History is made as England’s cricket team trounces Australia

The pavilion at ‘The Oval’ cricket ground, London. Aug. 8, 2008 photo by Paddy Briggs.
SYDNEY (AP and ACNI)—Cricket is a national obsession in England, but for the past 24 years, fans haven’t had all that much to cheer about — until now. England inflicted an unprecedented third innings victory upon Australia on Friday, providing a fitting finish for Andrew Strauss and his team after thoroughly dominating the Ashes series.
England completed an innings and 83-runs run victory before lunch on the last day at the Sydney Cricket Ground—taking the last wicket as a trumpeter played The Last Post for a humbled Australian squad—to seal a 3-1 series win.
It was England’s first test series win in Australia since 1987 and the first time since 1978-79 that the English have won back-to-back test matches in Australia.

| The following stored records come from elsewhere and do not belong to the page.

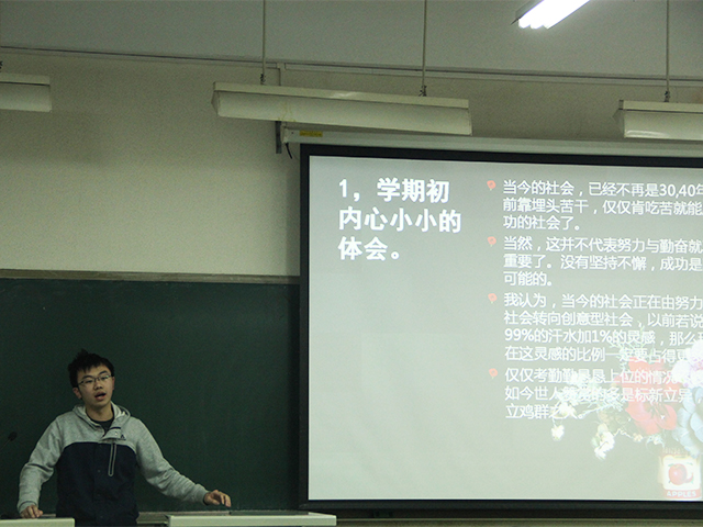 这次活动是乐天使以班级为单位开展述学活动后,各班选拔的优秀代表参与的一次述学交流,各班代表通过ppt成果展示、演讲及提问等环节,充分进行了交流和学习,彼此分享了大学期间的学习体会和个人收获,并重点总结了学习计划的落实情况,以及自己目前在学习中存在的问题和今后的打算。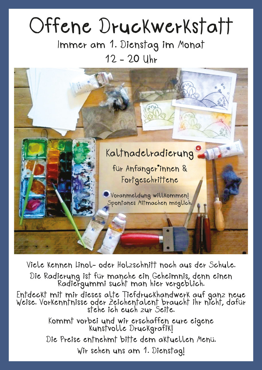 Kaufladen Neuigkeiten Termine Was bisher geschah Mein Newsletter Kontakt Kunst direkt zum Mitnehmen Öffnungszeiten Veranstaltungen Druckwertkstatt Kurse Öffnungszeiten Druckwerkstatt Kurse Öffnungszeiten Was bisher geschah Galerie Neuigkeiten Termine Kontakt Newsletter Radierungen Unikate Schnick-Schnack Versandkosten/AGB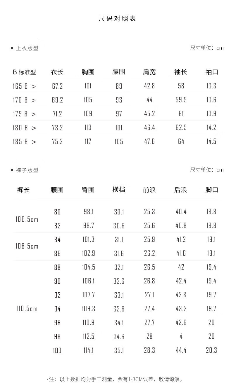 China (cm) 160-165/84-86 165-170 / 88-90 167-172 / 92-96 168-173 / 98-102 170-176 / 106-110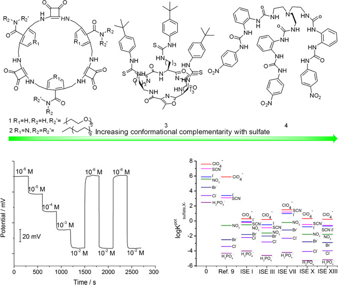 文章以方酰胺及硫脲为氢键给体,通过设计分子的空间结构,构建了对硫酸根具有高选择性、强结合能力的环状及具有三维结构的离子载体,并据此构建了高选择性硫酸根离子选择性电极。实验结果表明,开发的新型硫酸根离子选择性电极具有良好的选择性及灵敏度,环境水体中常见的阴离子如高氯酸根、硫氰根、硝酸根等不干扰硫酸根离子的检测,目前该传感器已成功用于饮用水中硫酸根离子含量的测定。该进展的相关文章以英国威廉集团为第一单位,环境学院李龙博士为论文的通讯作者及第一作者。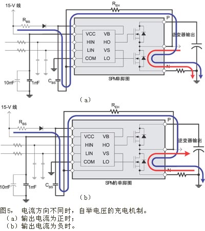 MOSFET逆變器的另一個優(yōu)點是圖4(e)所示的自舉電壓(陰極輸出電壓)。從圖4(e)可以看出,電機的工作頻率為10Hz。圖中畫出了自舉電壓和逆變器輸出電流。當電流為正時,自舉電壓VBS維持在VCC=15V附近,但當電流為負時,VBS就下降到接近10V。這是由于不同電流方向采用不同的充電機制所造成 (參見圖5)。當輸出電流為正時,電流要么流經(jīng)高壓側(cè)MOSFET,要么流經(jīng)低壓側(cè)體二極管。在這種情況下,當?shù)蛪簜?cè)體二極管導(dǎo)通時,將對自舉電容CBS充電 (參見圖5(a))。此時,對CBS的充電電壓可由公式(2)表示。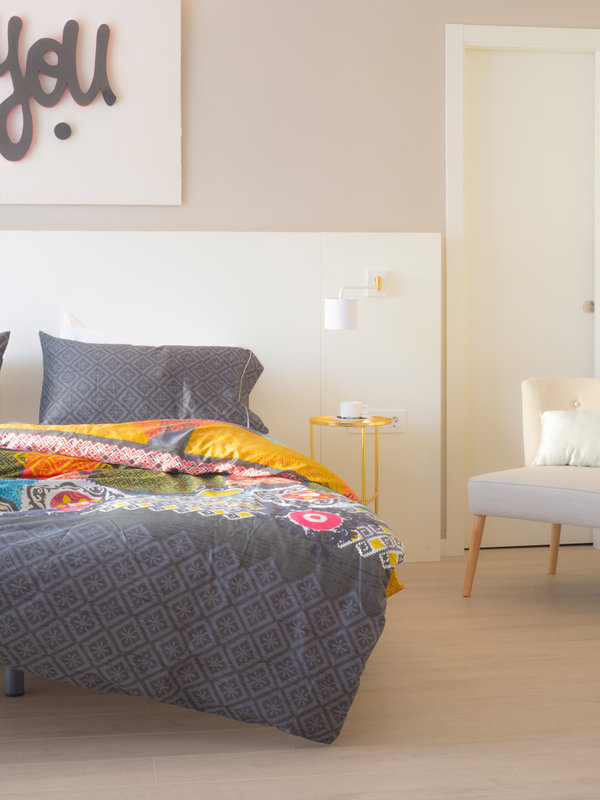 Vrei sa obtii un aer contemporan? Foloseste pe post de noptiera o masuta de un verde menta (lasa sa se vada lemnul din picioarele masutei). Tablia de pat capitonata este de mare efect aici.

Strauss’ squad was also the first ever to inflict three innings defeats on Australia in a single series.
Alastair Cook scored 189 in the first innings here to help England post 644, its highest total ever in Australia, and to become the most prolific English run scorer in an Ashes series since Wally Hammond in 1928-29.
Jimmy Anderson took three second-innings wickets, and eight for the match, as Australia was dismissed for 280 and 281, unable to handle the reverse swing and the disciplined line and length of England’s bowling unit.
“It feels pretty special, if I’m honest,” Strauss said after receiving the old urn. England retained the Ashes by taking a 2-1 lead with an emphatic victory at Melbourne last week but was desperate to go one better and win the series outright.
“Until an Ashes series is finally over you’ve got half an eye on what’s to come, so even in Melbourne we were still very conscious that we wanted to finish on a high and show people that we deserved to win this series.
“Now we’ve done that we can … be very proud of what we’ve achieved because not many sides have come out here and won, certainly not many … as emphatically as we did in the end.”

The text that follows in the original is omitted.